In 1995, the Storyline Entertainment group had signed a deal with The Walt Disney Studios to produce television projects, including musical adaptations of its original film properties. Storyline Entertainment has had success with film musicals, such as Chicago (2002) and Hairspray (2007). On September 6, 2005, Storyline Entertainment had signed a deal with New Line Cinema to a two-year, first look deal in order to develop many theatrical projects on the big screen. Andrea McArdle, who originated the title role in Annie on stage, featured prominently in Zadan's televised version. Chita Rivera appears in Chicago as "Nickie"; she played "Velma Kelly" in the original 1975 production.

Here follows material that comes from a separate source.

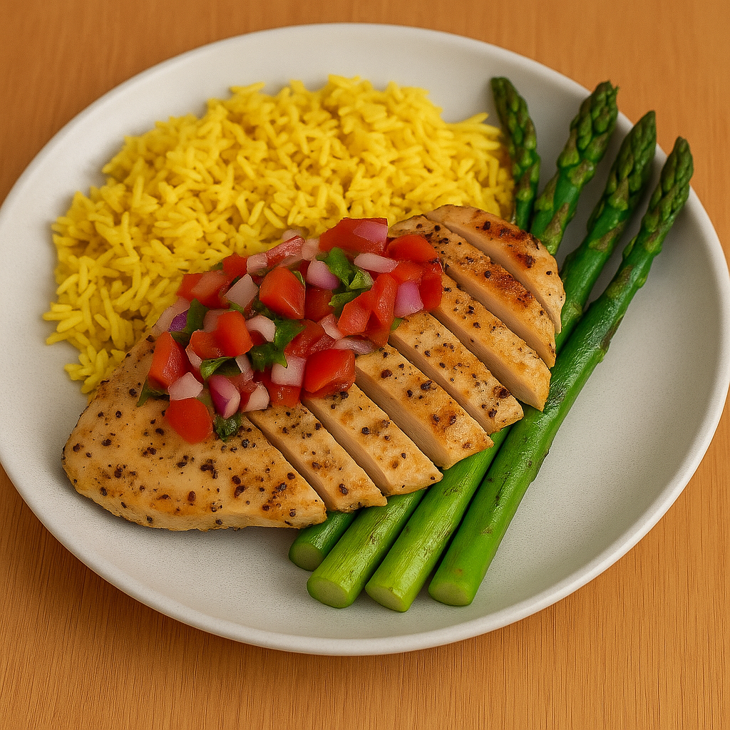 Served with turmeric rice and baked asparagus

The film adaptation of Hairspray featured John Waters (writer/director) as "the flasher who lives next door;" Jerry Stiller ("Wilbur Turnblad") as "Mr. Pinky;" and Ricki Lake ("Tracy") as a reporter. On the soundtrack, Lake joins Nikki Blonsky and Marissa Jaret Winokur ("Tracy" from the Broadway production) to sing "Mama I'm a Big Girl Now" over the closing credits, and Harvey Fierstein (Broadway's "Edna") can be heard briefly soon after. Mink Stole ("Tammy" in the original film) appears as the smoking woman on the street whom Waters flashes, and is also seen in the musical number, "Welcome to the 60s". Corey Reynolds ("Seaweed" in the Broadway production) appears on the soundtrack as singer of "Trouble on the Line."

===Later career===
Zadan and Meron produced the Academy Awards telecast from 2013 to 2015.

===Death===
Zadan died on August 20, 2018, at his home in Los Angeles of complications from shoulder replacement surgery at the age of 69.

==Filmography==
- Footloose (1984) (producer)
- Sing (1989) (producer)
- If Looks Could Kill (1991) (producer)
- My Fellow Americans (1996) (executive producer)
- Brian's Song (2001) (executive producer)
- Chicago (2002) (executive producer)
- The Music Man (2003) (executive producer)
- Filthy Gorgeous: The Trannyshack Story (2006) (producer)
- The Banshee and Fin Magee (2007) (producer)
- Hairspray (2007) (producer)
- The Bucket List (2007) (producer)
- Living Proof (2008) (executive producer)
- The Mayor of Castro Street (2009) (producer; about life around Castro Street)
- Fahrenheit 451 (2009) (producer)
- Footloose (2011) (producer)

==Theater==
- Up in One (1979), Broadway, musical revue
- Promises, Promises (2010), Broadway, musical revival
- How to Succeed in Business Without Really Trying (2011), Broadway, musical revival

==Television==
===Series===
- Drop Dead Diva (2009) (executive producer)
- Smash (2012) (executive producer)

===Films===
- Gypsy (1993) (executive producer)
- Serving in Silence: The Margarethe Cammermeyer Story (1995) (executive producer)
- Twists of Terror (1997) (TV) (executive producer)
- Cinderella (1997) (executive producer)
- Annie (1999) (executive producer)
- Double Platinum (1999) (executive producer)
- Lucy (2003) (executive producer)
- The Reagans (2003) (producer)
- Wedding Wars (2006) (producer)
- A Raisin in the Sun (2008) (producer)
- Family Man (2008) (executive producer)
- Steel Magnolias (2012) (TV) (producer)
- Bonnie and Clyde: Dead and Alive (2013) (producer)
- Flint (2017) (producer)

===Live productions===
- The Sound of Music Live! (2013) (TV)
- Peter Pan Live! (2014) (TV)
- The Wiz Live! (2015) (TV)
- Hairspray Live! (2016) (TV)
- Jesus Christ Superstar Live in Concert (2018) (TV)

==Awards ceremonies==
- 16th GLAAD Media Awards (2005) (executive producer)
- 85th Academy Awards (2013) (producer)
- 86th Academy Awards (2014) (producer)
- 87th Academy Awards (2015) (producer)

==Awards and nominations==
In 2008, Zadan and Meron were awarded the Career Achievement Award by the Casting Society of America. He has been nominated for the Emmy Award eight times, along with his co-executive producer Meron (and the respective producers).